Stately as the Forest.
Raid like Fire.
Immoveable as the Mountain.
They were powerful because they could shift and move. Even the stillness of no-self moved!
As the last ball flashed by to strike behind him, the purity of the moment shuddered up his spine. Yukimura’s game broke his open, stretched him as far as he could go. That openness called to be filled with the all the force and brilliance both of them could wring from each other.
That was a match.
What he had been playing this year was… kata.
Sanada braced himself against the light pole to catch his breath. He frowned when he saw Yukimura had collapsed on the bench beside the court. “You said you could do this.”
Yukimura’s teeth glinted in the streetlights. “I won, didn’t I?”
There was that, Sanada had to admit.
“You weren’t the only one who needed this,” Yukimura added, more quietly.
Sanada smiled and held out a hand to pull Yukimura up again. “Let’s walk to cool down, then.”
The dark river water glimmered with occasional lights up the embankment. The soft lap of it rippling against the shore filled the cooling evening air.
“I don’t think you need to actually rework any of your techniques,” Yukimura said, finally. “Just wake up some more.”
“Mmm.” Sanada turned that thought over a few times. It was true enough, but… “There’s something. I could tell as we played. There’s more I can do.”

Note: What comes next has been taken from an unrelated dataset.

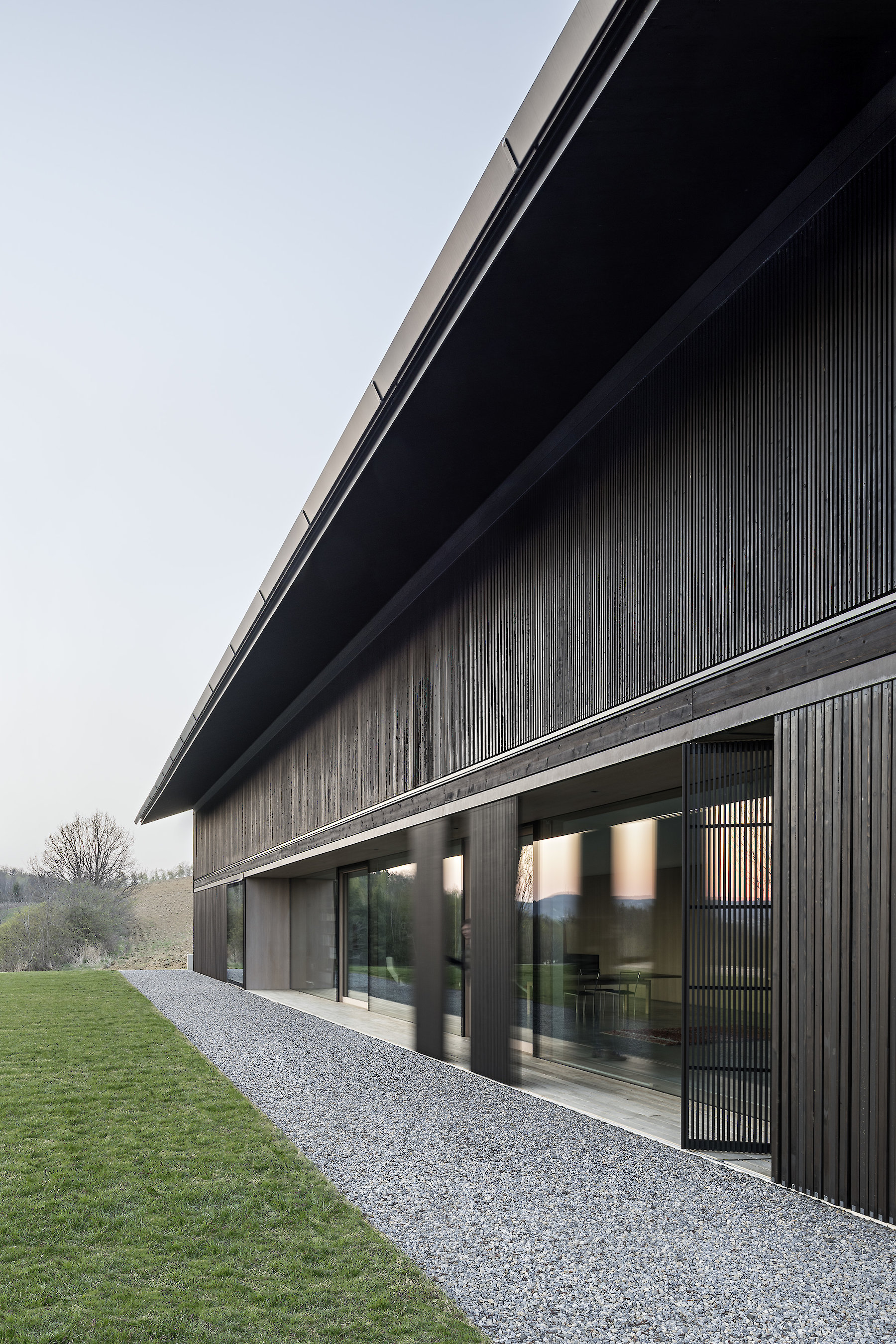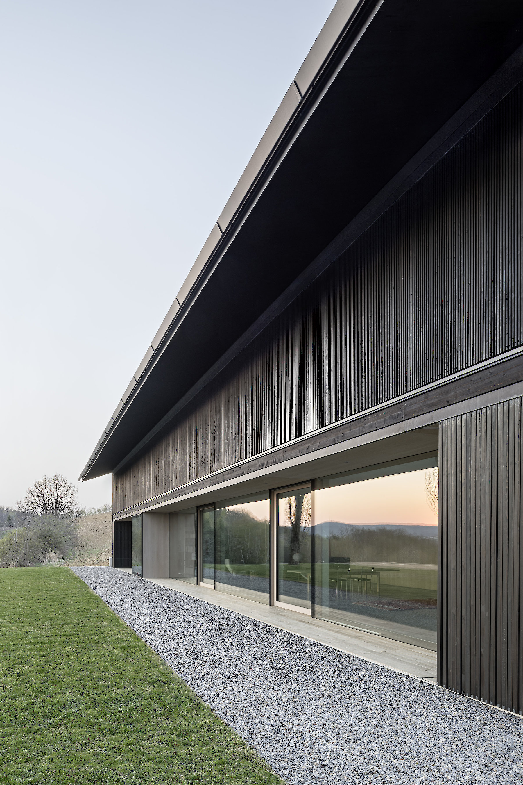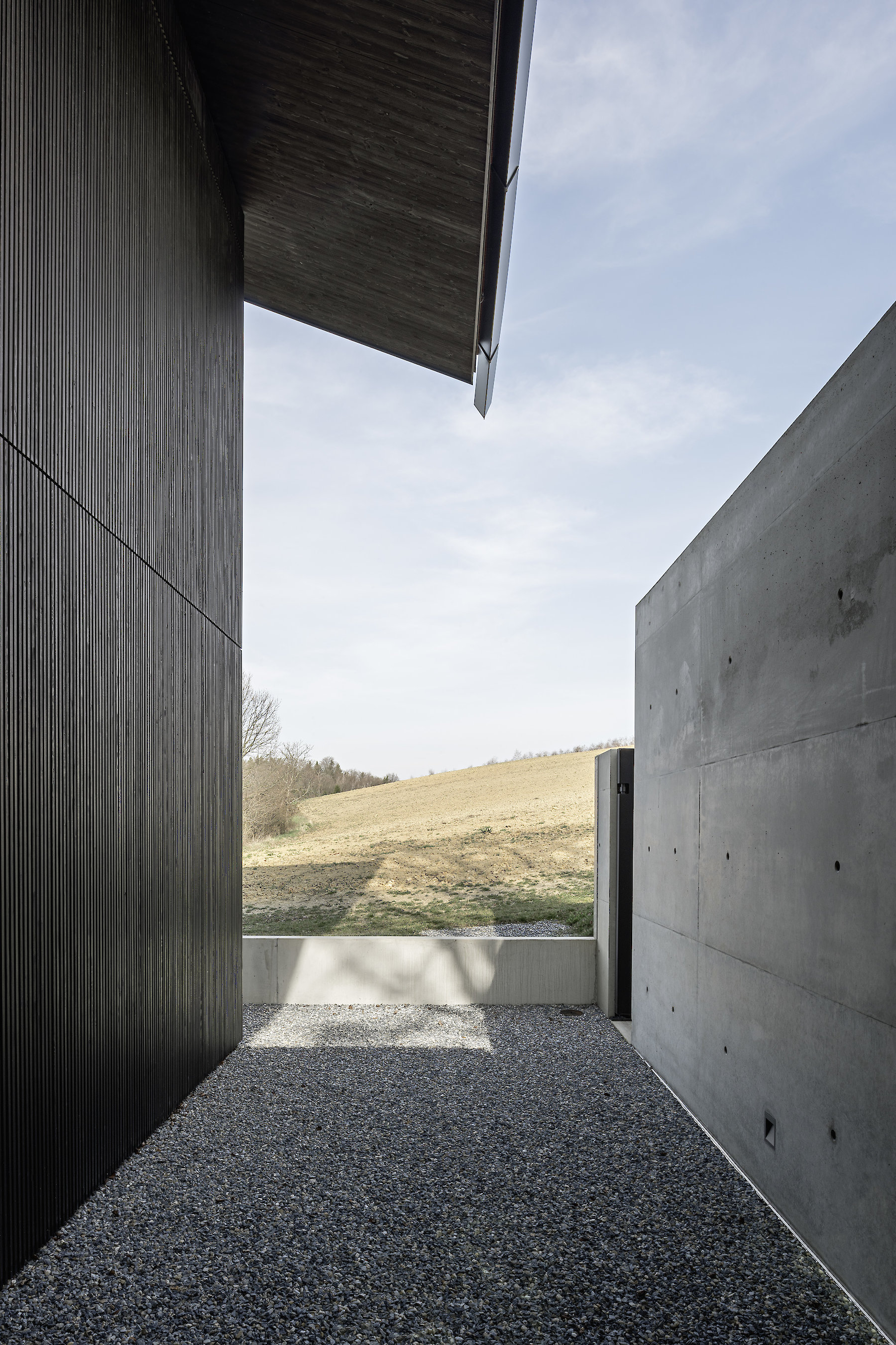 In the hilly landscape of the Prekmurje in the north of Slovenia, the House v.d.K is oriented lengthwise in a south-westerly direction along the terrain. The building that formerly occupied this location has left a trace forming a topographical incision in the slope; this has been taken up in the new project, and in this form helps to determine the arrangement of the building within the boundaries of the plot. The building is integrated directly in the surrounding natural space, opening up to its expanse. Individual utility structures spatially demarcate it from the neighbourhood, which in turn demarcates itself from the surroundings using the same architectural means. In this way we see the traditional attempt to establish a degree of openness within a framework of loosely connected buildings, while at the same time maintaining privacy vis-à-vis the surroundings.

Yukimura smiled. “There’s always more you can do. Especially you.”
“That means something, coming from you,” Sanada said dryly.
Yukimura laughed, low and bright. “Once you remind me of my courage, yes.” He turned and climbed a few steps up the embankment, stretching out in the grass. “It would be hard to integrate anything else into FuuRinKaZan, though, wouldn’t it?”

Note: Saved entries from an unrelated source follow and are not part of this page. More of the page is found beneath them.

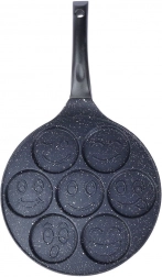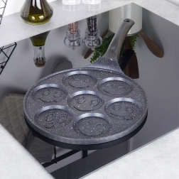 Tigaie din granit, distractivă și practică, cu 7 forme cu diametrul de 8 cm pentru clătite americane uniforme, mini clătite sau ouă. Suprafața antiaderentă Pfluon Granite permite gătitul cu cantitate minimă de grăsime, rapid și fără lipire. Potrivită pentru toate tipurile de plite, inclusiv inducție, cu mâner termoizolat și fără PFOA și PTFE.
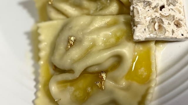 Tortello ripieno di di ricotta e ciliegie condito con il burro di alpeggio.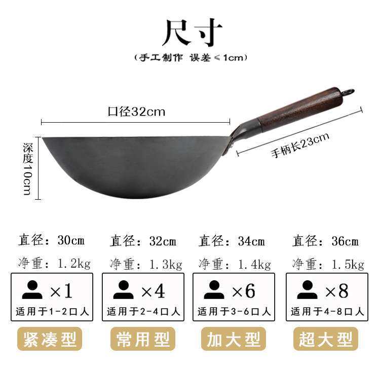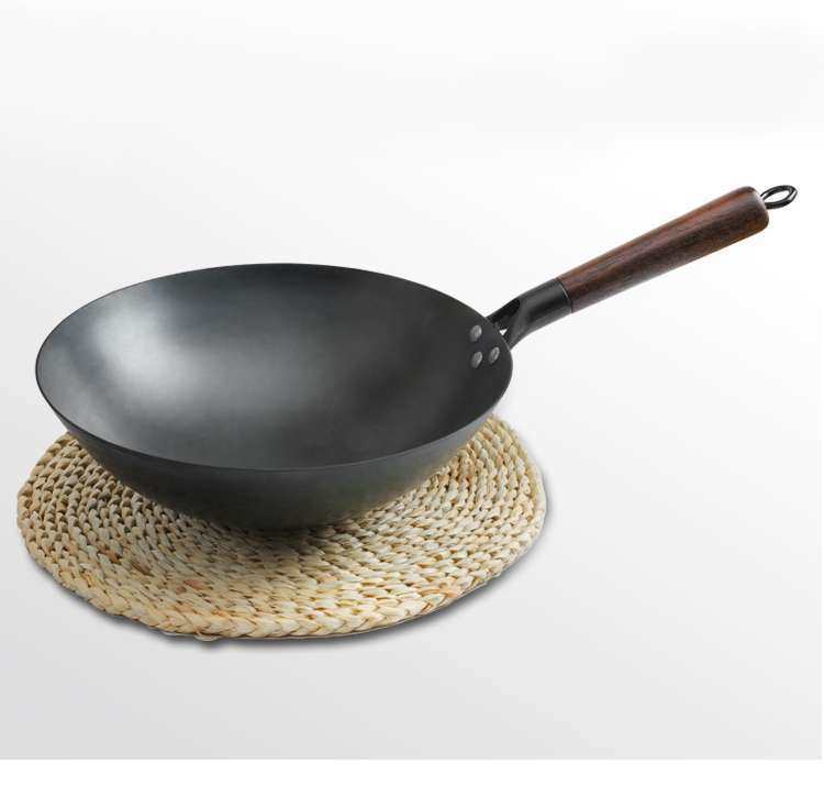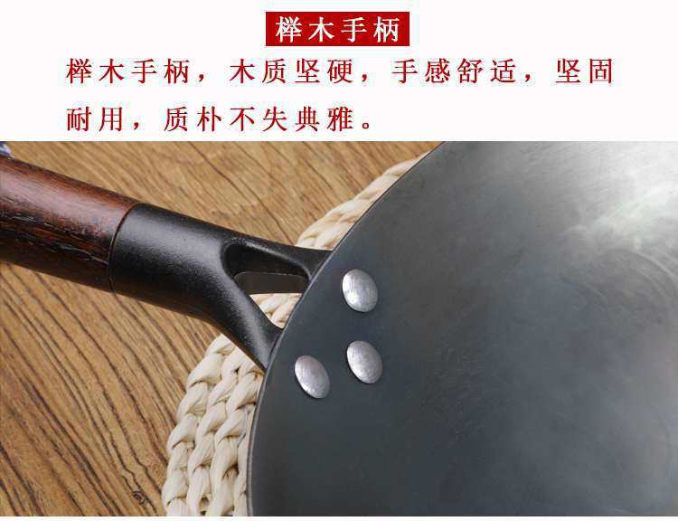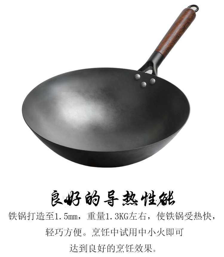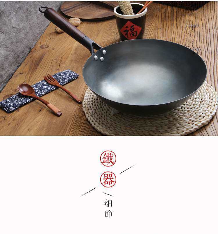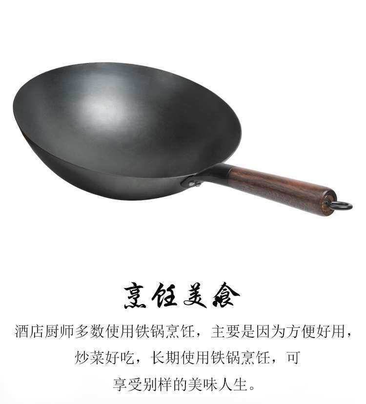 Compra Olla de hierro Zhangqiu hecha a mano, al por mayor, con fondo redondo grueso y cuchara grande, wok antiadherente antiguo sin revestimiento para estufa de gas doméstica. al por mayor en Joom.pro

Sanada joined him and leaned back into the cool, green-smelling hill. “The techniques do come as a complete set,” he agreed.

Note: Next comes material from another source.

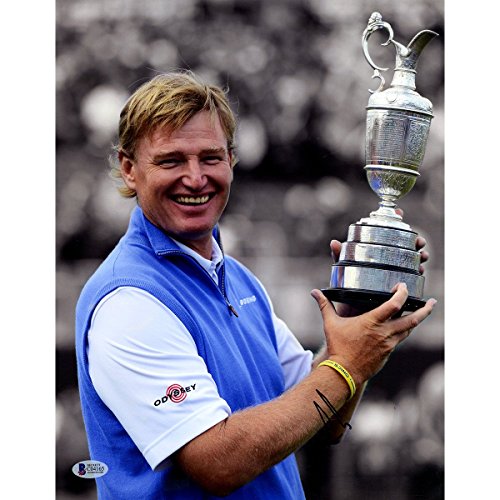 Ernie Els Signed 11x14 Claret Jug Photo Facing Right Dark Background Beckett

And then his breath stopped as a thought seized and shook him.
Not complete.
Wind, Forest, Fire, Mountain, Shadow, Lightning. There were six in the original.
“Invisible as Shadow,” he whispered. “Strike like Lightning.”
Yukimura watched him, head cocked.
Sanada took a long breath, already testing possibilities in his head. “Yes. Yes, there is something more. It will work.” It would work, and he would move forward the way a player should, and crush his opponents the way Rikkai should.
“I never doubted it,” Yukimura said quietly, lying back in the dusk.
End
A/N: Sanada’s technique names echo those Takeda Shingen took from Sun Tzu’s dictates on the movement of armies. Takeda, though, only used four of the original set of six. For Nationals, Sanada seems to be calling on the remaining two.
*_*
Oh purr. Purrrrrrrrrrrrrrrrrrrrrrrrrrr.
*__________*
*hearts* I had to so /something/ with his new moves. Not to mention the sum of the new manga material.
Ooo- I’m fascinated by the fact there could be two more techniques (and judging from the most recent Geniuses, I can definitely see that being true since I think 339 mentioned Lightning of some sort…).
Lovely, as always, Branch. Thank you so much!
Thank you!
*laughing* I jumped up and danced around when I read the translation of 339. I’ve thought for a long time that, if Sanada got new moves, he should take the last two out of that set, and lo there it was! Never could figure out why Takeda only took the first four for his sword school. … though I suppose Fuu Rin Ka Zan Kage Rai would be a bit unweildy.
Ooohhhh. I got CHILLS at the end of that. *witters incoherantly*
*pleased* Great to hear you liked it!
*gapes* WHY HAVE I NOT SEEN THIS BEFORE. This is so brilliant I do not even know where to start.
*hearts* Well, it was during your crazy-busy period. *grins* It’s been jossed around the edges, but at the time I felt a deep need for something to tie Sanada’s progress together.
Mmmm, Lynn reminded me of this one. *sparkles over the tasty Sanada and Yukimura*
Thanks sweet! I still really like this one; it turned out like I wanted it to.
Lynn pulled me into this one. Oooh. <3
Thank you! Of course, now that we have a complete canon, I may have to write something else to fill in this space. ^_^
This was so beautifully done. *stuffs in her memories*
Thank you! I’m so glad the tone of them came through.